First of all, forget all the Christian stuff (heaven, hell, purgatory). You are in Norway.

The director intended well to show it is shot in Oslo, it is easy to recognize the places. It is a sharp look at the values that rules the country and at the lack of sentiments and feeling of the Norwegian society.

Note that Andreas - does he arrive to Oslo by his own will - does not really has a job, but a place in the society that give him access to "happyness": - an apartment - a convertible - friends from the work place - a girl, who has only interest for kitchens - another girl who cannot say I want but only I may The girls are cruelly described, but again the 1st one is the typical Norwegian "witch" (sorry to use this word, I translate literally from Norwegian) and the second the everyone's girl friend; both are typical characters of the Norwegian society.

Andreas has other values, is sensitive and want to make choices: warm chocolate and children.

It is deep buried in the cellars of the old buildings of Oslo housing old people; the room at the end of the tunnel is a typical grandma Norwegian kitchen.

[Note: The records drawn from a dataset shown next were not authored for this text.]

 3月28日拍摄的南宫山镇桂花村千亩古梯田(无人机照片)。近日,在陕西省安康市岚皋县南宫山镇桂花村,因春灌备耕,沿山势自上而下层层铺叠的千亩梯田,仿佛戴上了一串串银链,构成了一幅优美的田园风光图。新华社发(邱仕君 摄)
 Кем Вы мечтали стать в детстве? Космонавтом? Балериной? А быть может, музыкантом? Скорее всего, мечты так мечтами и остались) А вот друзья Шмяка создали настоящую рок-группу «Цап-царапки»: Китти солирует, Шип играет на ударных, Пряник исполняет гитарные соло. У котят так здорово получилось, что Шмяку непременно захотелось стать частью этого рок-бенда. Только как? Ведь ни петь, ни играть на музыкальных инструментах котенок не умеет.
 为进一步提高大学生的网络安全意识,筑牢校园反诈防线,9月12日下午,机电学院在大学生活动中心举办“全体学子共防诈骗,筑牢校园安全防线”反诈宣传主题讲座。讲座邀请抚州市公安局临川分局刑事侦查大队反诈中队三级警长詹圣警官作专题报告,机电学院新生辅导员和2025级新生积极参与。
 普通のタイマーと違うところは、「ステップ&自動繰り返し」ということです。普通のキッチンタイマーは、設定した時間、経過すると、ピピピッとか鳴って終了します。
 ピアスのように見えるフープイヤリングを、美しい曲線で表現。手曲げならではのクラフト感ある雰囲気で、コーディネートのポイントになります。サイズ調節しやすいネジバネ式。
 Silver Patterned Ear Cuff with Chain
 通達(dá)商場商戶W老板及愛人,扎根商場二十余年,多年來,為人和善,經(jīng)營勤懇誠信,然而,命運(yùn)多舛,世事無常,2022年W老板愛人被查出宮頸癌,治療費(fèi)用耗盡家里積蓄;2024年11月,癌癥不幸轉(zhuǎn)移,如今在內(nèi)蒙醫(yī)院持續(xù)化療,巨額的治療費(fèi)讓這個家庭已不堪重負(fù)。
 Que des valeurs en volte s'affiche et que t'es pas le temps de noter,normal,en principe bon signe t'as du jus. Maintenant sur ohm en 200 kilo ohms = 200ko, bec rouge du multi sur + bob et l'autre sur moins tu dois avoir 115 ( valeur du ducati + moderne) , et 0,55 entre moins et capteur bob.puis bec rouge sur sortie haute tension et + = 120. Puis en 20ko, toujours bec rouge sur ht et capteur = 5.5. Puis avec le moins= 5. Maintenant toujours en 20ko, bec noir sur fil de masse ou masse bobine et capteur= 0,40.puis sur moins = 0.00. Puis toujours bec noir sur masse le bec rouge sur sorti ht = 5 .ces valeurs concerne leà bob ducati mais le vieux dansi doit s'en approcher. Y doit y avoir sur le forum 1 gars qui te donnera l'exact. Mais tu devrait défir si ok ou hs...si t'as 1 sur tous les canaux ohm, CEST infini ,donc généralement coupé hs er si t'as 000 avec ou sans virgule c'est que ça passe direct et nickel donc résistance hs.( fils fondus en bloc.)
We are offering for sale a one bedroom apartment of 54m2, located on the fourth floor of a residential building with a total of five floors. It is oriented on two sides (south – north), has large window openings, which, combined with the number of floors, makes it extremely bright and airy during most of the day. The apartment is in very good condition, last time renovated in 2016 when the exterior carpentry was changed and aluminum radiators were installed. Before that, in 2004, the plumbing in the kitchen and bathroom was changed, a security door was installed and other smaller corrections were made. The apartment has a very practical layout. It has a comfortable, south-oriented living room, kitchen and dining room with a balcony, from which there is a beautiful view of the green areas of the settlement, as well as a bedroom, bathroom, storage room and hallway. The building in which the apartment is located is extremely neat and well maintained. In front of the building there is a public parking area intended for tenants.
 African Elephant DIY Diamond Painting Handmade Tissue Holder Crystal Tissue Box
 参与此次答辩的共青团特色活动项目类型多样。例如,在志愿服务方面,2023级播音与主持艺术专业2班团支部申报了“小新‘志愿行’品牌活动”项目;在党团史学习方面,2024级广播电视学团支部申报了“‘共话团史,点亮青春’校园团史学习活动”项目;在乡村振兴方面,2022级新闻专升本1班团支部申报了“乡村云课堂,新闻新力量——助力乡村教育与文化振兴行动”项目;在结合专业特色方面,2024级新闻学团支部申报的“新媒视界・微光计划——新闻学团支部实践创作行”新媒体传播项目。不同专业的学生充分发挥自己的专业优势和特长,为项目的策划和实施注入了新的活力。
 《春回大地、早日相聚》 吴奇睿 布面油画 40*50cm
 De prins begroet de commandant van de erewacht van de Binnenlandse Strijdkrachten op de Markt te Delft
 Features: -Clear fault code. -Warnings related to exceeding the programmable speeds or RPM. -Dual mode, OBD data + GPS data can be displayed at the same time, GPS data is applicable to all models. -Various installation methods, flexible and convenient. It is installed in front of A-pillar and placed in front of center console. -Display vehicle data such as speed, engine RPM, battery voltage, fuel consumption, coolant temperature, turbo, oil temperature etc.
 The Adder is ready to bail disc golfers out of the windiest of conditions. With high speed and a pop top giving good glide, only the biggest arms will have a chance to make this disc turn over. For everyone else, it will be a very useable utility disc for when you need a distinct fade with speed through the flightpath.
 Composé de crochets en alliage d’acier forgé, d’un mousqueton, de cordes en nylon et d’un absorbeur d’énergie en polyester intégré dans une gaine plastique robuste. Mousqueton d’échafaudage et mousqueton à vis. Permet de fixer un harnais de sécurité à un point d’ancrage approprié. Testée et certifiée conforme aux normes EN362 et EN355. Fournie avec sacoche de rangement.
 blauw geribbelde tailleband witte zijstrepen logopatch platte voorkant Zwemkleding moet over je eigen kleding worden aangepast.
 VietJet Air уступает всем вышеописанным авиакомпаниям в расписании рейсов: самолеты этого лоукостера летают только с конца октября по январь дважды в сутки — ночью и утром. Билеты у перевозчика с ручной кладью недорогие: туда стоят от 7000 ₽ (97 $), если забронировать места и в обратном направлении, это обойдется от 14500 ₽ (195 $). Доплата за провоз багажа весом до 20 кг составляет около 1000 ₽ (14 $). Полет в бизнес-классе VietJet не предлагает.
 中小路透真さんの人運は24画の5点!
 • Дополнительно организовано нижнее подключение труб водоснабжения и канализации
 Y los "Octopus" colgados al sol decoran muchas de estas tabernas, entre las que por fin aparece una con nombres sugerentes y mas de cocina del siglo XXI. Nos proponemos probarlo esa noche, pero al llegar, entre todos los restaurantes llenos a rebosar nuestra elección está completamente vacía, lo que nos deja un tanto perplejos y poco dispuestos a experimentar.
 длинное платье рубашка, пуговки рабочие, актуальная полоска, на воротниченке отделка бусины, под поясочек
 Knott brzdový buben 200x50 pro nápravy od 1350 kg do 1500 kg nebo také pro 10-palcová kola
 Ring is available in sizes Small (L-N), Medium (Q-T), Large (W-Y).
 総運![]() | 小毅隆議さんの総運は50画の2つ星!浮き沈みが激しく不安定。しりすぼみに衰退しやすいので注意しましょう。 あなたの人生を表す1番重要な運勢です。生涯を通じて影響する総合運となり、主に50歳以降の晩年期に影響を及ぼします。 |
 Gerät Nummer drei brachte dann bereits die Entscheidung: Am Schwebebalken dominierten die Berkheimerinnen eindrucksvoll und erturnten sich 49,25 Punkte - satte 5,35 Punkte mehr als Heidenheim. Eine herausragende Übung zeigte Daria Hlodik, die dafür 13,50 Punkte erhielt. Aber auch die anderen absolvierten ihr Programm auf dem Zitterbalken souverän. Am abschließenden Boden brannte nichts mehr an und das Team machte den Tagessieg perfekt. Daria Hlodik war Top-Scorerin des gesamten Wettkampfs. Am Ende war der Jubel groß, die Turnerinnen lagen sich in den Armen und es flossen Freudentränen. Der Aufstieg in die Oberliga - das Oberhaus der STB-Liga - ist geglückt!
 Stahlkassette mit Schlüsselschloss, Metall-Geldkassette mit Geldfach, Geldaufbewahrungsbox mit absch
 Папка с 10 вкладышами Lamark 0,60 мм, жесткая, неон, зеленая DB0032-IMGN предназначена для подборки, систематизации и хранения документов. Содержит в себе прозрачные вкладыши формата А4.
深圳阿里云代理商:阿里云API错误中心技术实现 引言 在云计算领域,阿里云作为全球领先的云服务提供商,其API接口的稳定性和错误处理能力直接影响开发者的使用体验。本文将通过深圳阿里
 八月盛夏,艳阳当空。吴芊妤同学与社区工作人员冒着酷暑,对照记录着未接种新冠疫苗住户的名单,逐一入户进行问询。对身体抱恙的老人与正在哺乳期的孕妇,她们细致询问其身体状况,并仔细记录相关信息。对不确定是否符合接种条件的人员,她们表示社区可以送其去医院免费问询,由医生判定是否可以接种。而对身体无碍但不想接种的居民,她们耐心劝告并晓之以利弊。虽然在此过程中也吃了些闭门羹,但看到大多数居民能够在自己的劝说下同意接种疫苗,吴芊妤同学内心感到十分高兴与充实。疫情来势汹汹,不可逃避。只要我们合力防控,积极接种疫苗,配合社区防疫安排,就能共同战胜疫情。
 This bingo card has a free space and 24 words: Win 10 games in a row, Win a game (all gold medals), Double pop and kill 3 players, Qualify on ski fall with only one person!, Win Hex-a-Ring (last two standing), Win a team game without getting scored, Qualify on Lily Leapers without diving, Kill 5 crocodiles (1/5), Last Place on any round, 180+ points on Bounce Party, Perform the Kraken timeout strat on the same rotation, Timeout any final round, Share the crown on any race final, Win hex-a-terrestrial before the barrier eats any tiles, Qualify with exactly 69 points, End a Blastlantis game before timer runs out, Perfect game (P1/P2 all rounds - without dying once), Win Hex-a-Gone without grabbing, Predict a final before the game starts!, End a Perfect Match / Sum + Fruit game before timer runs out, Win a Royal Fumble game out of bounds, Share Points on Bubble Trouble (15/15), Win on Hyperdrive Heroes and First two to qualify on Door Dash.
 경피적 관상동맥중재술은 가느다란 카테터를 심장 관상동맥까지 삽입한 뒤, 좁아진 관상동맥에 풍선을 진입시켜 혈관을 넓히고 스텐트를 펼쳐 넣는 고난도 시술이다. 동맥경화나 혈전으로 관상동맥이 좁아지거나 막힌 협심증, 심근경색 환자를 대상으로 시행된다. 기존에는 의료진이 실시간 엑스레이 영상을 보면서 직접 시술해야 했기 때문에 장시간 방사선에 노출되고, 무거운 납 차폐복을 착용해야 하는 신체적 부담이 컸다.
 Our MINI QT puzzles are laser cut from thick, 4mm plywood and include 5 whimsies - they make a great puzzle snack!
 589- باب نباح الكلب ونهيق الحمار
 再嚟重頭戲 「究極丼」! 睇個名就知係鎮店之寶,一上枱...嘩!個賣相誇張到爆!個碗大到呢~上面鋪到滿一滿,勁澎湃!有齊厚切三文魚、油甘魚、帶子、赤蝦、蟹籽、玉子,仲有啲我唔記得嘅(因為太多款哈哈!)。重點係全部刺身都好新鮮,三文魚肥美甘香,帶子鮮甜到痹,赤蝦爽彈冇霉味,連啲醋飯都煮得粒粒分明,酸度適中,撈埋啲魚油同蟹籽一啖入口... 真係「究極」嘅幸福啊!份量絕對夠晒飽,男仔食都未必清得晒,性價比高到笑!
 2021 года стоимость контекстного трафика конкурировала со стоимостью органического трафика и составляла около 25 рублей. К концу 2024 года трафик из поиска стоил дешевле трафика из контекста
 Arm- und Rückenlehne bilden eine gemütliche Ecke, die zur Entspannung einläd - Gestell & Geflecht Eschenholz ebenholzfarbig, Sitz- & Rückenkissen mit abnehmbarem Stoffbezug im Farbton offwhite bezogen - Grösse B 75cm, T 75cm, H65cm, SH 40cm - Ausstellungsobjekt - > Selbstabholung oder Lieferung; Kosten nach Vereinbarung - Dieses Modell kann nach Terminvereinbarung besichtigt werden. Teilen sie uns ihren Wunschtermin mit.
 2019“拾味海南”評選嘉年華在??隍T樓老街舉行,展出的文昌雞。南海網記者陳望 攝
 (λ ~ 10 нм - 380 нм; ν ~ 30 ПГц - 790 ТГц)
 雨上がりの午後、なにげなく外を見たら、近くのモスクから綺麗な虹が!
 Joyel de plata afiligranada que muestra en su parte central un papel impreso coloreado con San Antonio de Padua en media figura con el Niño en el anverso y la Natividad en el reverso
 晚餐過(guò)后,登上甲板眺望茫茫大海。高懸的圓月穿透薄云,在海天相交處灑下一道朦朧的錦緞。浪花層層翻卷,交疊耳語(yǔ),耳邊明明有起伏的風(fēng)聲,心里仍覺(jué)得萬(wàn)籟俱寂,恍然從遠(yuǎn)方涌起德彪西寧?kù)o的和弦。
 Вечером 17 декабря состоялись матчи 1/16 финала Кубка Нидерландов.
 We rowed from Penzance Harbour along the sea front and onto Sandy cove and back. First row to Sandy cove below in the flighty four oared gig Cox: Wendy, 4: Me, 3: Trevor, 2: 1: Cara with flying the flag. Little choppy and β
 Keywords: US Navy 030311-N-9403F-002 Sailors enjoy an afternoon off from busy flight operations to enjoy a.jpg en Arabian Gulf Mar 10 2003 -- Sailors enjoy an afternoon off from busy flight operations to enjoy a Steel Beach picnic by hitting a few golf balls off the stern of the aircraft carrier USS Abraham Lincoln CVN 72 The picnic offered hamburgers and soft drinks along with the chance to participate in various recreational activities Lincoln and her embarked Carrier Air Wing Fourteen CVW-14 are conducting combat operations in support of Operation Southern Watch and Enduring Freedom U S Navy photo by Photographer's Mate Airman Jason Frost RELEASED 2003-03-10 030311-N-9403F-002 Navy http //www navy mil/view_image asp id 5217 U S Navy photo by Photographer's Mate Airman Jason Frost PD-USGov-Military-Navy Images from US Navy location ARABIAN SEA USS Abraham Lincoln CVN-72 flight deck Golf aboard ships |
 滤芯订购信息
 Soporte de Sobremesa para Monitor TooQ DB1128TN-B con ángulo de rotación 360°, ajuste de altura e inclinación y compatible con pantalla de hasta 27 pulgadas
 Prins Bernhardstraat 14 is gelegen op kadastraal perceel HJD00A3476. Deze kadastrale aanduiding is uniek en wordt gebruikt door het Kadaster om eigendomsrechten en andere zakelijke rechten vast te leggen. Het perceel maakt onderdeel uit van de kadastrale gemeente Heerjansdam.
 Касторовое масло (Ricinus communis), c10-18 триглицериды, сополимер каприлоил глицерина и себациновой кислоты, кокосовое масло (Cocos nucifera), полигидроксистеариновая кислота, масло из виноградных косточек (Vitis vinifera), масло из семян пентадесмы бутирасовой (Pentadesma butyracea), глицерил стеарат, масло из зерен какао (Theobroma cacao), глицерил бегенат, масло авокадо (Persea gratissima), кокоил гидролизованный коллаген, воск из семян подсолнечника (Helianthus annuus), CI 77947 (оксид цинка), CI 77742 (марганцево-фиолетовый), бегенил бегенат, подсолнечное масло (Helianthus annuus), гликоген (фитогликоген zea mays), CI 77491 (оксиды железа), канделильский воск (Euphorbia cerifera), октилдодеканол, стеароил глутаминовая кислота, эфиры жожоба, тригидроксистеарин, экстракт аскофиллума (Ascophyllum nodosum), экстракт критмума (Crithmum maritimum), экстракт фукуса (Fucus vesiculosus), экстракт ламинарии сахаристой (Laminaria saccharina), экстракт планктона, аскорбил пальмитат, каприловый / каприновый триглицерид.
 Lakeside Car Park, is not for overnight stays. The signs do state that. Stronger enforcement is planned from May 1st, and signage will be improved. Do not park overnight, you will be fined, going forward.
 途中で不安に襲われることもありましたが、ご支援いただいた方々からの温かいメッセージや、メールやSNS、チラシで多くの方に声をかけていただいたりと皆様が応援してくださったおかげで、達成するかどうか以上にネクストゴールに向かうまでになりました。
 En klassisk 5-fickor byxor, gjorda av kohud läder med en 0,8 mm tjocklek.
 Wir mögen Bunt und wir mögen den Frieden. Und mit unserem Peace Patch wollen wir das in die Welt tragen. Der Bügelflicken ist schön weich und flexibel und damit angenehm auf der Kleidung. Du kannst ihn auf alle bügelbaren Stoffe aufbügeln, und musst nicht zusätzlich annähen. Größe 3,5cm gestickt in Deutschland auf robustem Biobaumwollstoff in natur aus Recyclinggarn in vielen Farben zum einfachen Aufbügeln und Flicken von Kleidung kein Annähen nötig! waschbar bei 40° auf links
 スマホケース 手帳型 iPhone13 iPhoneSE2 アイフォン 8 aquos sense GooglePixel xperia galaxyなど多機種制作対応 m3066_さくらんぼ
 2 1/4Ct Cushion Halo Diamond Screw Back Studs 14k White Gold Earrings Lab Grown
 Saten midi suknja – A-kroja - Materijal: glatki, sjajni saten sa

The soundtrack is Peer Gynt, almost the Norwegian national anthem, adding again to that lost paradise's nostalgia.

The final scene is shot at the house of common of Oslo and the people coming out of the building are meant to be the deputies or minister of the country and they tell Andreas that they did everything to make him happy, if I remember correctly, just before expelling him.

Although Andreas injures himself to show his feelings,the gore scenes may seem strange here but maybe the director use it to mock the conformity of the Norwegian cinema, as it has been mandatory for the last decade to show very violent scenes in almost every movie.

Is the bus also a typical character of the Norwegian society? I wonder because for celebrating the end of the studies , the Norwegian students have "party buses" this ritual marks the entering into the adult life, and Andreas coming from nowhere in a bus to this town. what do you think?